Yes, Denmark is already making strides. The Novo Nordisk Foundation has been supporting quantum research for several years now, and we’re starting to see the fruits of that effort. From a long-term perspective, we view quantum as a technology that will transform a range of industries, including healthcare. For the moment quantum might not deliver the same investment returns as AI or life sciences in the near-term, but the we and the Foundation believes in its transformative potential and is preparing for its eventual mainstream application.

- Given the hype surrounding this new computational wave, will quantum technology have a positive impact on deal-making?

Diagnostics using quantum sensing may draw greater interest but, at the end of the day, investors must look for a strong commercial case — having quantum tech doesn’t automatically justify a higher valuation, unless it enables a more versatile platform.

- And could it help us make better investment decisions?

For venture investment decisions, quantum computing won’t replace human relationships or intuition, especially in venture capital. However, in capital markets, where vast amounts of data exist, quantum algorithms may be able to help optimize portfolios. That said, quantum optimization algorithms often offer only marginal speed-ups compared to classical methods. In this field, it is more probable that AI has a more immediate impact.

- Now let’s talk about the challenges that quantum technology may bring. For instance, will quantum pose a risk to cybersecurity?

Leveraging quantum computing to discover new drugs will most likely not be much different from the current way we use classical computers or artificial intelligence nowadays. Quantum is just another tool in your toolbox – not a panacea. Success in healthcare, or any industry, will still depend on teams with unique insights and the ability to leverage these tools effectively. Regarding privacy, it is true that quantum computers could eventually break current encryption schemes, which is why quantum-safe cryptography is critical. Also, from the technical angle, scaling quantum computers to the order of thousands or millions of logical qubits and improving quantum algorithms are hurdles we’re still navigating.

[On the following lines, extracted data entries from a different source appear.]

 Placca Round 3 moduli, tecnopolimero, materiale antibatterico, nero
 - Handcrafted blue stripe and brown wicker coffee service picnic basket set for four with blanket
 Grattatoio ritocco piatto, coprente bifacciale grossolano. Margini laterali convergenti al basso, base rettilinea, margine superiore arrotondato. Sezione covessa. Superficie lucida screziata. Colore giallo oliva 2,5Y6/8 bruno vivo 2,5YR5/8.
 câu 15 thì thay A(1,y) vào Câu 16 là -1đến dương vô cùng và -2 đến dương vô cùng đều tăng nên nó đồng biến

- Then, to wrap up, we could say that quantum is incredibly exciting, but we must stay realistic about its timeline and challenges ahead.

Absolutely. It will take time before we see widespread commercial applications, especially in healthcare, but the groundwork is being laid now. As investors, we need to stay focused on the long game and with careful diligence, I believe there will be attractive returns to be found. The key is to keep track of the progress and be ready when quantum tech starts delivering real-world value.

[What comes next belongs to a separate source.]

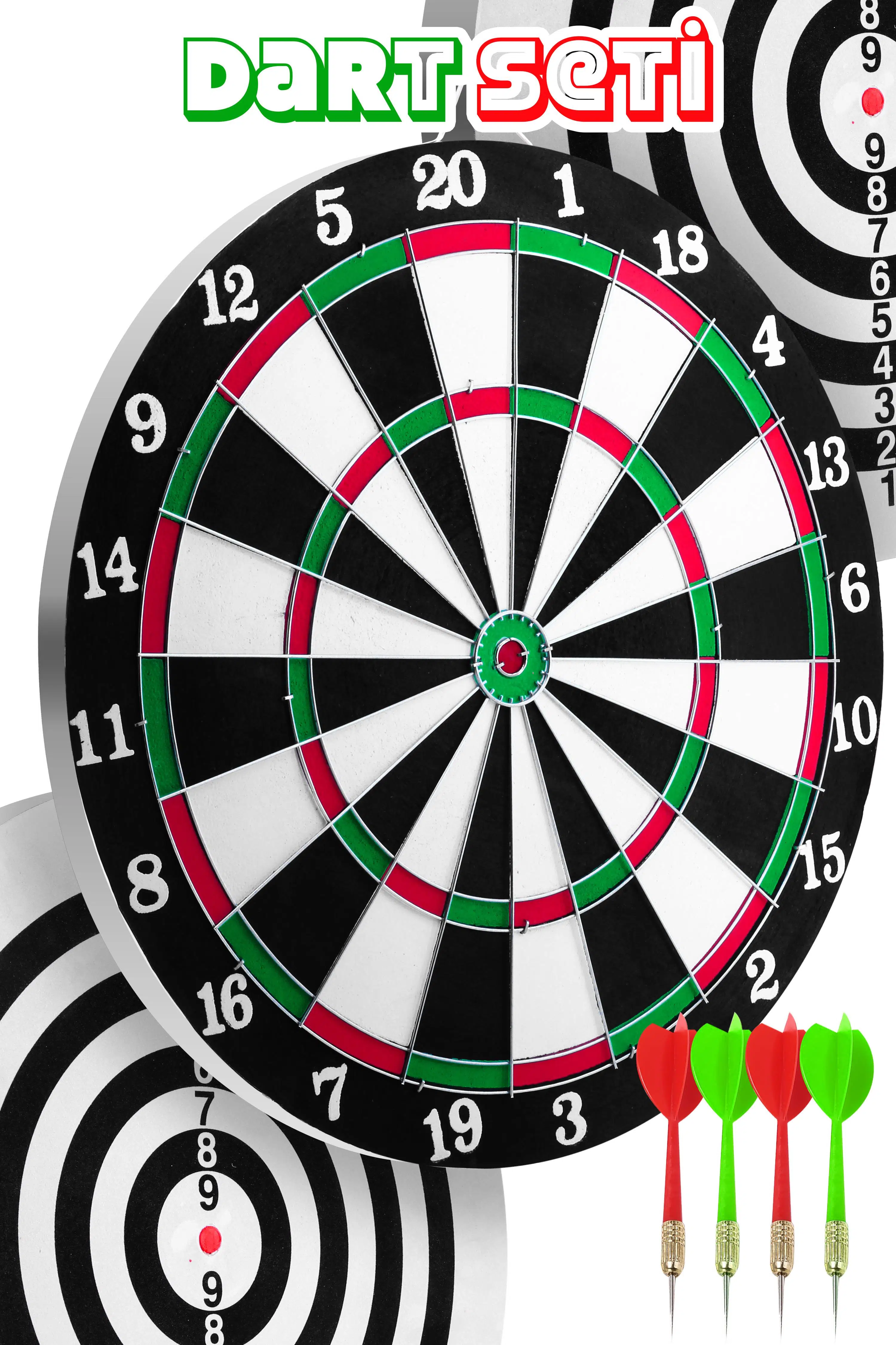 * **1 Adet Çift Taraflı Dart Tahtası:** 30 cm çapındaki tahta, hem amatör turnuva boyutlarına uygun hem de evde keyifle oynayabileceğiniz ideal bir boyuta sahip. Bir tarafı klasik dart oyunu için tasarlanırken, diğer tarafı size farklı bir oyun deneyimi sunan "Hedef Tahtası" şeklindedir.

Quantum technology holds immense potential for healthcare and life sciences, but its full realization within the healthcare sector is still years away. With researchers and investors like Theodor Lundberg working tirelessly to bring quantum innovations to life, we may be closer to revolutionary breakthroughs than we think. However, as he emphasizes, it’s essential to approach these investments critically and also with both optimism and realism. We must understand that the true widespread impact of quantum will only be realized in the years to come and will require patience, persistence, and visionary investment.